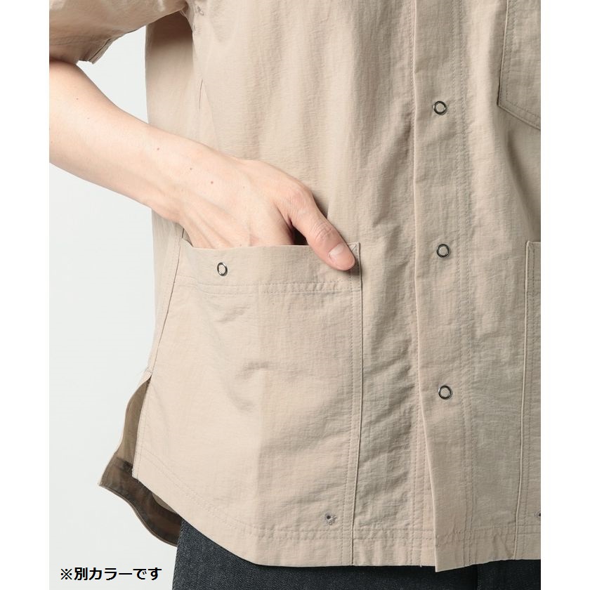 コットンのような肌触りのナイロン素材を使用したオープンカラーの半袖シャツです。
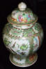 this is a vase/jar of chinese origin,white porcelain,with brown and gold accents,colorful flowers,no cracks , nicks,or chips in it
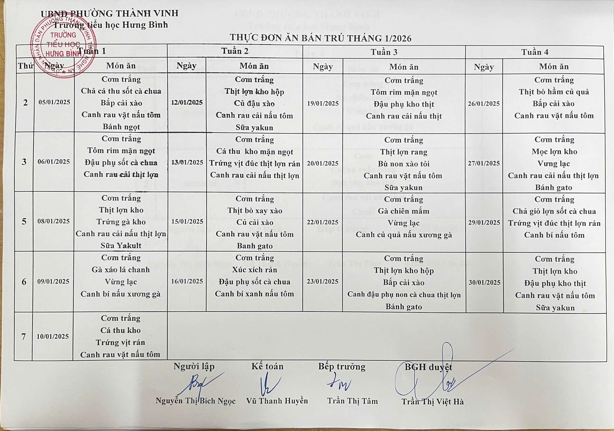 Thực đơn ăn bán trú tháng 1 năm học 2025-2026
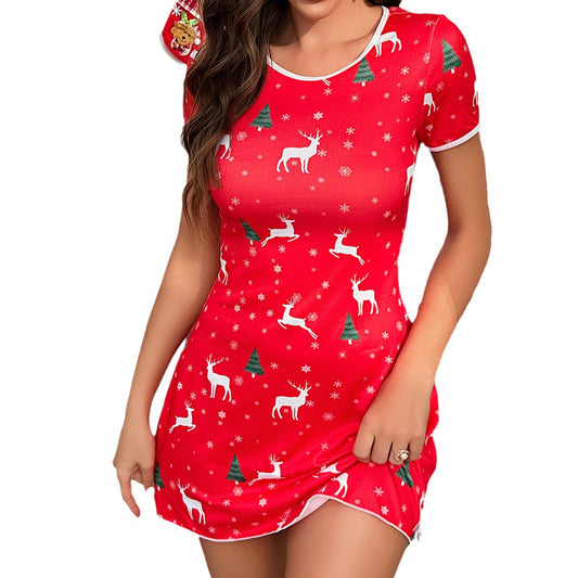 Christmas Sexy One-piece Lingerie Milk Silk Print Nightgown
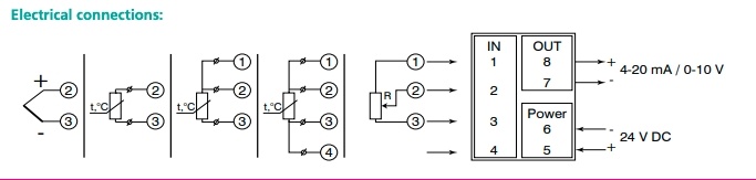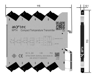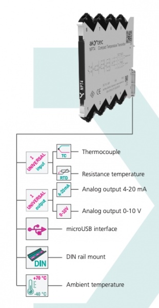 Slim (6.1 mm) temperature transmitter for DIN-rail. Input: RTD - Pt50, Pt100; TC - K, J, T, L, A, N, R, S, B. Output: 4-20 mA or 0-10V active
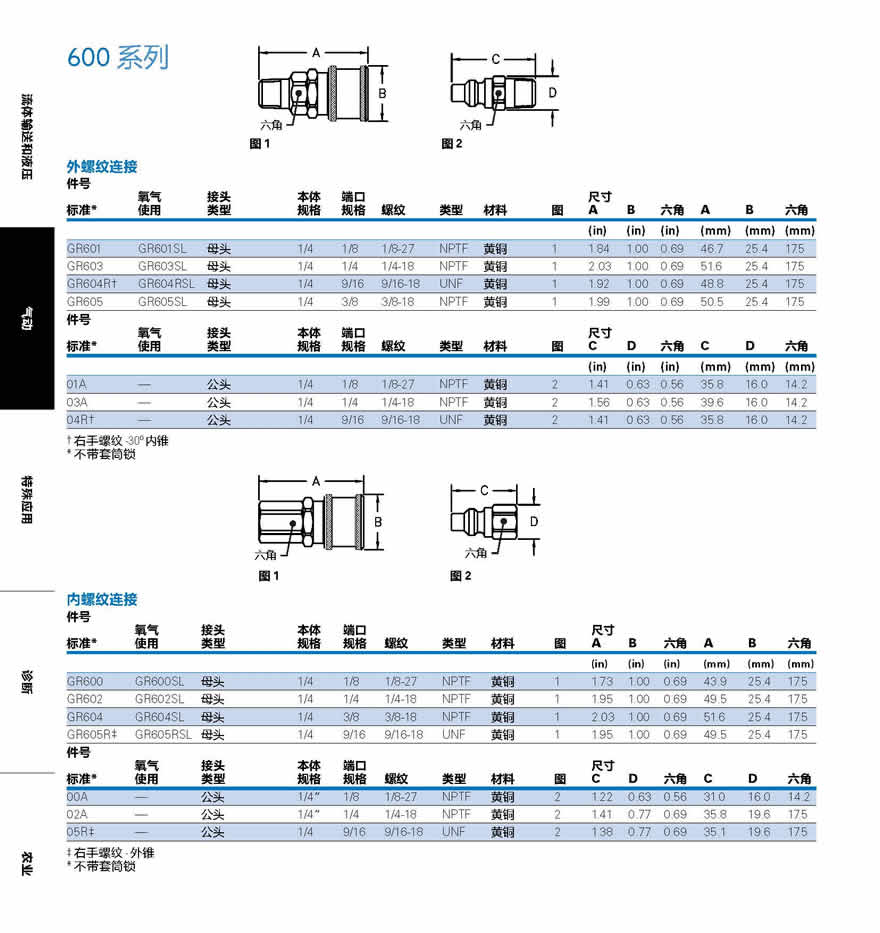 - 系列 600 接頭不能用于壓力超過 100 psig 的氧氣。
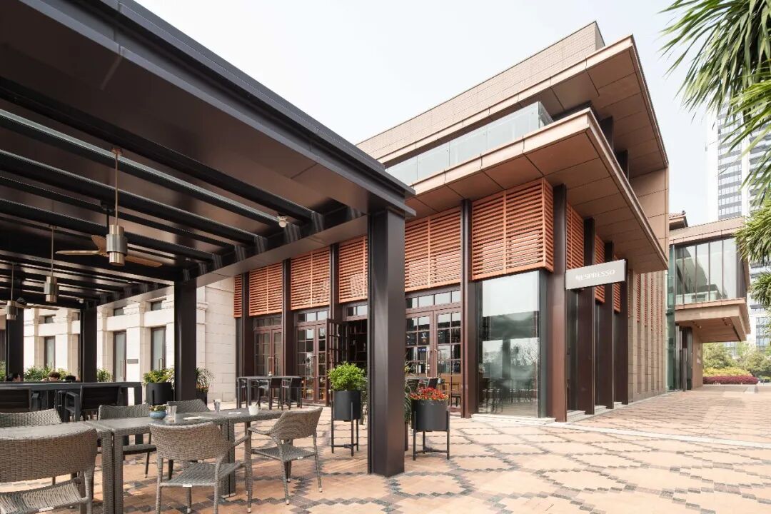 这个有着双重惊喜的“宝藏”咖啡店,就是咖啡图书馆,作为花园城国际度假中心(以下简称“花园城”)湖滨商业街的一部分,咖啡图书馆从外观上看与周围建筑并无不同,唯有高出湖面一层的巨大露台十分惹眼。
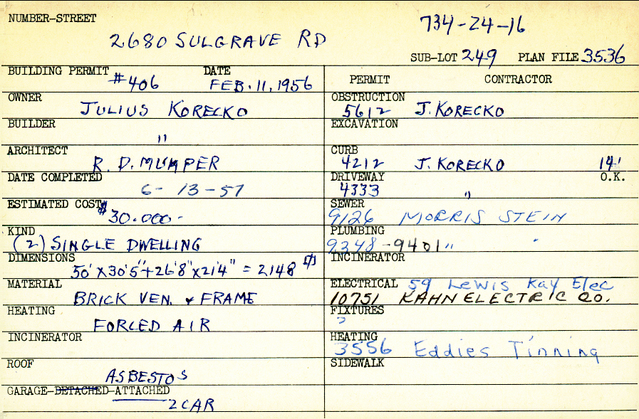 2680 Sulgrave Road Shaker Heights, OH 44122 PARCEL ID: 734-24-016 Building Permit Date: 02-11-1956 Plan File Number: 3536 Microfilm Roll: Roll#52 Neighborhood: Mercer Owner: Korecko, Julius Builder: Korecko, Julius Architect: Mumper, R. D. Estimated Cost: 30000 Date Completed: 06-13-1957 Kind: Single, Single Residence or Dwelling (2) Material: Brick Veneer and Frame Heating: Forced Air Roof: Asbestos Garage: attached 2 car |
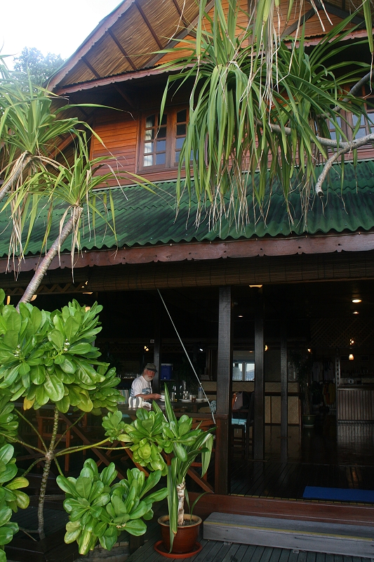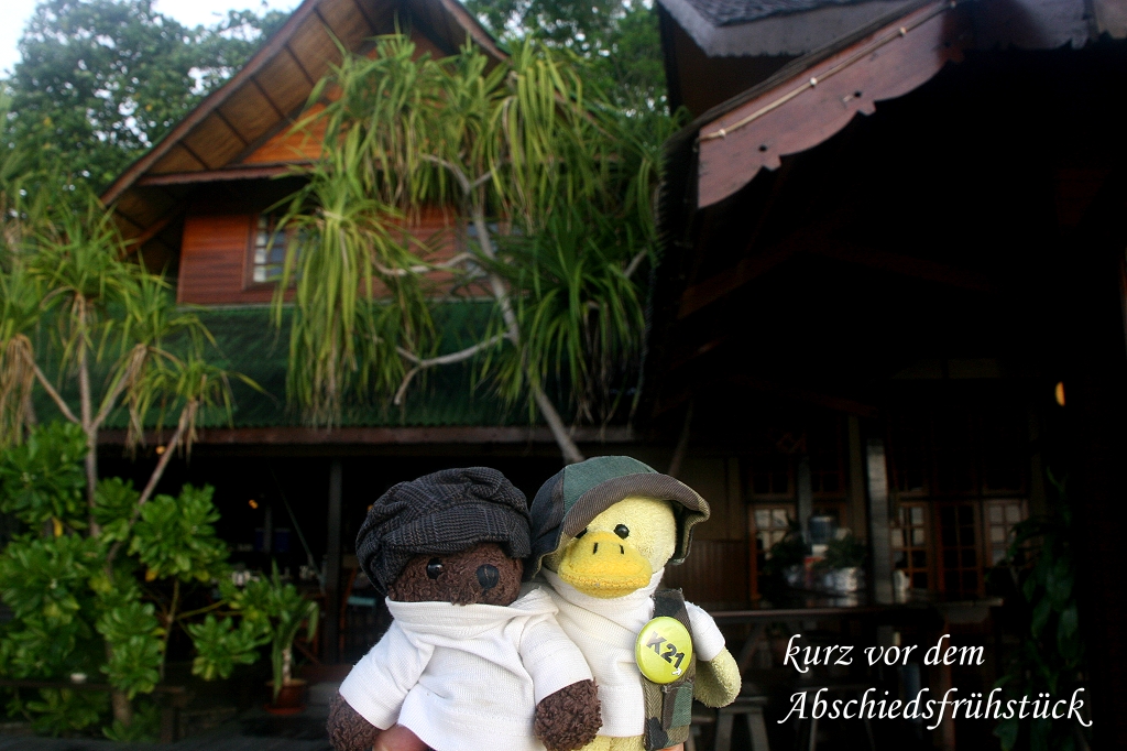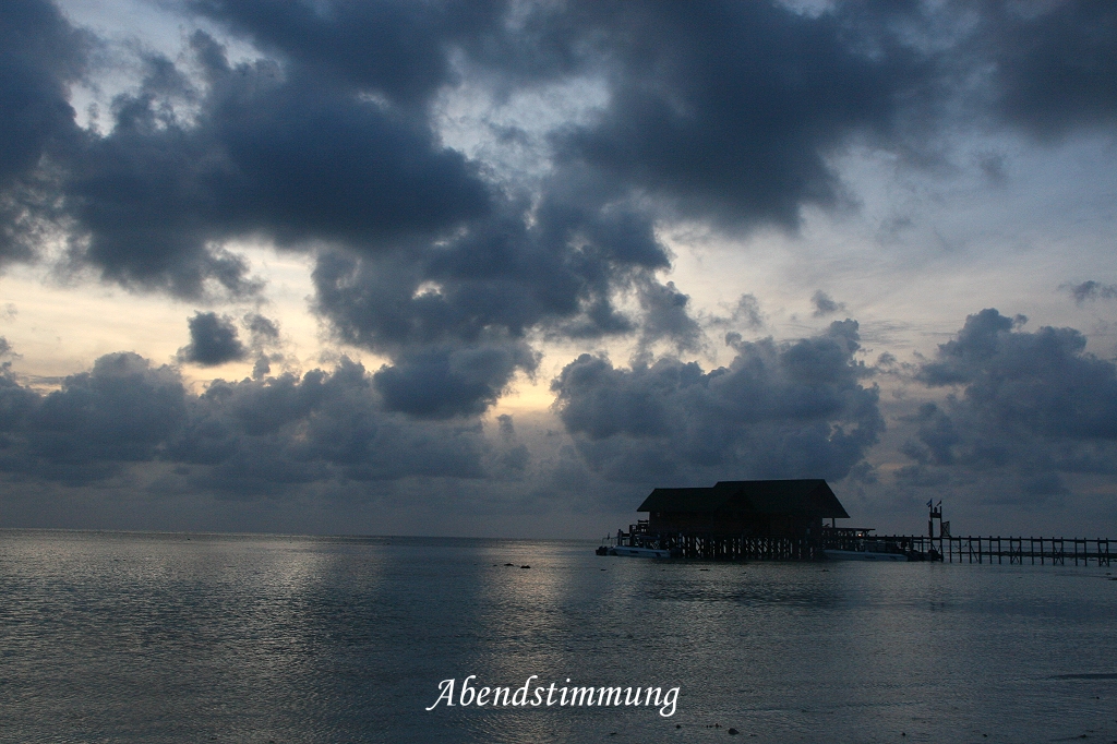 Der 15.April, mein 65. Geburtstag, war angebrochen. Es war kurz vor 6:00 Uhr, als Tomoko mir gratulierte. Es regnete immer noch leicht und der Himmel war ziemlich grau, nur eine kleine Wolkenlücke ließ die aufgehende Sonne ahnen. Als Geburtstagsgeschenk erhielt ich von Tomoko ein schönes T-Shirt von Lankayan und ein Buch über das Jahr 1945, mein Geburtsjahr. Da Michael und Anna heute um 7:00 Uhr abreisen, gingen wir früh zum Frühstück, um uns noch zu verabschieden. Der Abschied war kurz aber herzlich, vielleicht sieht man sich mal wieder, sei es in Australien, in Deutschland oder sonstwo in der Welt. Wir frühstückten in Ruhe zu Ende und schalteten anschließend unsere mitgebrachten Netbooks ein, doch leider war die Internetverbindung unterbrochen, wahrscheinlich wegen des schlechten Wetters. Es dauerte auch nicht allzu lange, als es immer dunkler wurde, und plötzlich fing es heftig an zu regnen. Die Angestellten schlossen schnell die Bambus-Rollos an der zum Meer offenen Terrassenseite. Wir blieben sitzen, schrieben Postkarten und Tagebuch und warteten einfach mal ab. Der Regen dauerte nicht allzu lange, auch das Internet funktionierte wieder. Nachdem ich meine E-mails abgerufen und gelesen hatte, gingen wir zum Bootssteg und schnorchelten etwas. Mit unserer einfachen kleinen Unterwasserkamera versuchten wir ein wenig von der prachtvollen Unterwasserwelt einzufangen. |

........

▶ **What the task asks**:
The listing should be transcribed exactly. No picture is to appear in the transcription.

▶ **Problem solution**:
 コットンのような肌触りのナイロン素材を使用したオープンカラーの半袖シャツです。
 this is a vase/jar of chinese origin,white porcelain,with brown and gold accents,colorful flowers,no cracks , nicks,or chips in it
 Thực đơn ăn bán trú tháng 1 năm học 2025-2026
 Christmas Sexy One-piece Lingerie Milk Silk Print Nightgown
 Slim (6.1 mm) temperature transmitter for DIN-rail. Input: RTD - Pt50, Pt100; TC - K, J, T, L, A, N, R, S, B. Output: 4-20 mA or 0-10V active
 - 系列 600 接頭不能用于壓力超過 100 psig 的氧氣。
 这个有着双重惊喜的“宝藏”咖啡店,就是咖啡图书馆,作为花园城国际度假中心(以下简称“花园城”)湖滨商业街的一部分,咖啡图书馆从外观上看与周围建筑并无不同,唯有高出湖面一层的巨大露台十分惹眼。
 2680 Sulgrave Road Shaker Heights, OH 44122 PARCEL ID: 734-24-016 Building Permit Date: 02-11-1956 Plan File Number: 3536 Microfilm Roll: Roll#52 Neighborhood: Mercer Owner: Korecko, Julius Builder: Korecko, Julius Architect: Mumper, R. D. Estimated Cost: 30000 Date Completed: 06-13-1957 Kind: Single, Single Residence or Dwelling (2) Material: Brick Veneer and Frame Heating: Forced Air Roof: Asbestos Garage: attached 2 car |
 Der 15.April, mein 65. Geburtstag, war angebrochen. Es war kurz vor 6:00 Uhr, als Tomoko mir gratulierte. Es regnete immer noch leicht und der Himmel war ziemlich grau, nur eine kleine Wolkenlücke ließ die aufgehende Sonne ahnen. Als Geburtstagsgeschenk erhielt ich von Tomoko ein schönes T-Shirt von Lankayan und ein Buch über das Jahr 1945, mein Geburtsjahr. Da Michael und Anna heute um 7:00 Uhr abreisen, gingen wir früh zum Frühstück, um uns noch zu verabschieden. Der Abschied war kurz aber herzlich, vielleicht sieht man sich mal wieder, sei es in Australien, in Deutschland oder sonstwo in der Welt. Wir frühstückten in Ruhe zu Ende und schalteten anschließend unsere mitgebrachten Netbooks ein, doch leider war die Internetverbindung unterbrochen, wahrscheinlich wegen des schlechten Wetters. Es dauerte auch nicht allzu lange, als es immer dunkler wurde, und plötzlich fing es heftig an zu regnen. Die Angestellten schlossen schnell die Bambus-Rollos an der zum Meer offenen Terrassenseite. Wir blieben sitzen, schrieben Postkarten und Tagebuch und warteten einfach mal ab. Der Regen dauerte nicht allzu lange, auch das Internet funktionierte wieder. Nachdem ich meine E-mails abgerufen und gelesen hatte, gingen wir zum Bootssteg und schnorchelten etwas. Mit unserer einfachen kleinen Unterwasserkamera versuchten wir ein wenig von der prachtvollen Unterwasserwelt einzufangen. |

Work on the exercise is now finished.